Saved entries:

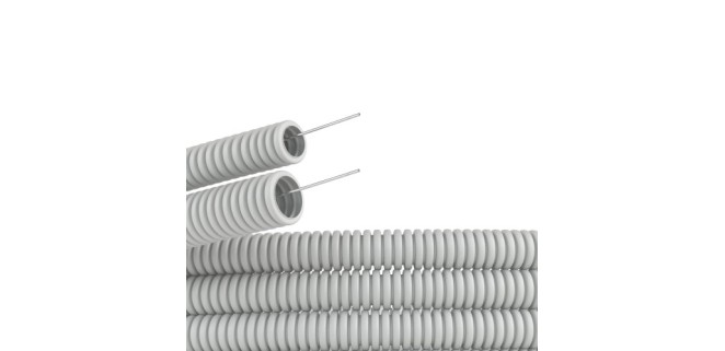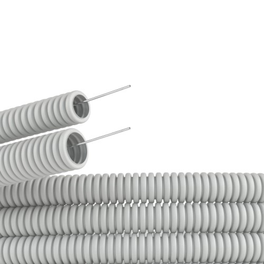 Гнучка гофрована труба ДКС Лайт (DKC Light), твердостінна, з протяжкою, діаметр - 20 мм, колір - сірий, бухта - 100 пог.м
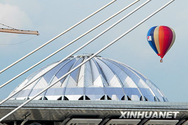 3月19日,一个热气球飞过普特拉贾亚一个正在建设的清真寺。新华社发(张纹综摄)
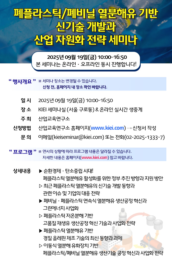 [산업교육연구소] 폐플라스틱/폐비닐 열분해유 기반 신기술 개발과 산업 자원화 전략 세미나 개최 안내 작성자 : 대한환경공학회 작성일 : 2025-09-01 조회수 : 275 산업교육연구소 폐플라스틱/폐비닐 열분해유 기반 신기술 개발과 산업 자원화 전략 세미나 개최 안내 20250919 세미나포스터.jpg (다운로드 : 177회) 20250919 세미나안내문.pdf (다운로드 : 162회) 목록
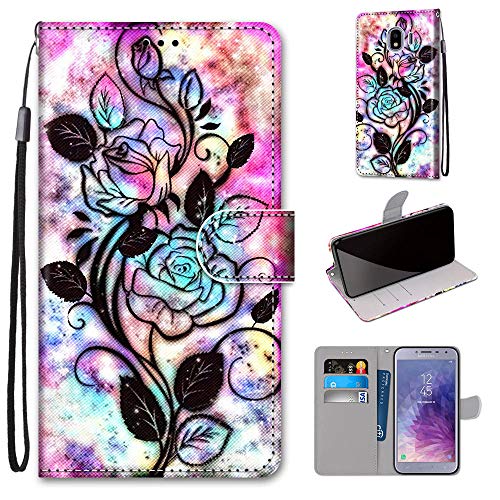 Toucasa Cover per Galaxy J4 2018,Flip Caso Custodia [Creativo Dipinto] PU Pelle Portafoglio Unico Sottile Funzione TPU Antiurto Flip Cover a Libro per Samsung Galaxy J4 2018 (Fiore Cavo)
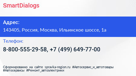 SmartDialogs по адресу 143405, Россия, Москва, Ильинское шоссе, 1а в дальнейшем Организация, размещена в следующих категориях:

◆ WHAT THE EXERCISE ASKS: The answer must be an exact copy of the lines from the one that holds "Toucasa Cover per" through the end of the data, both included, with no pictures.

◆ YOUR RESPONSE:
 Toucasa Cover per Galaxy J4 2018,Flip Caso Custodia [Creativo Dipinto] PU Pelle Portafoglio Unico Sottile Funzione TPU Antiurto Flip Cover a Libro per Samsung Galaxy J4 2018 (Fiore Cavo)
 SmartDialogs по адресу 143405, Россия, Москва, Ильинское шоссе, 1а в дальнейшем Организация, размещена в следующих категориях:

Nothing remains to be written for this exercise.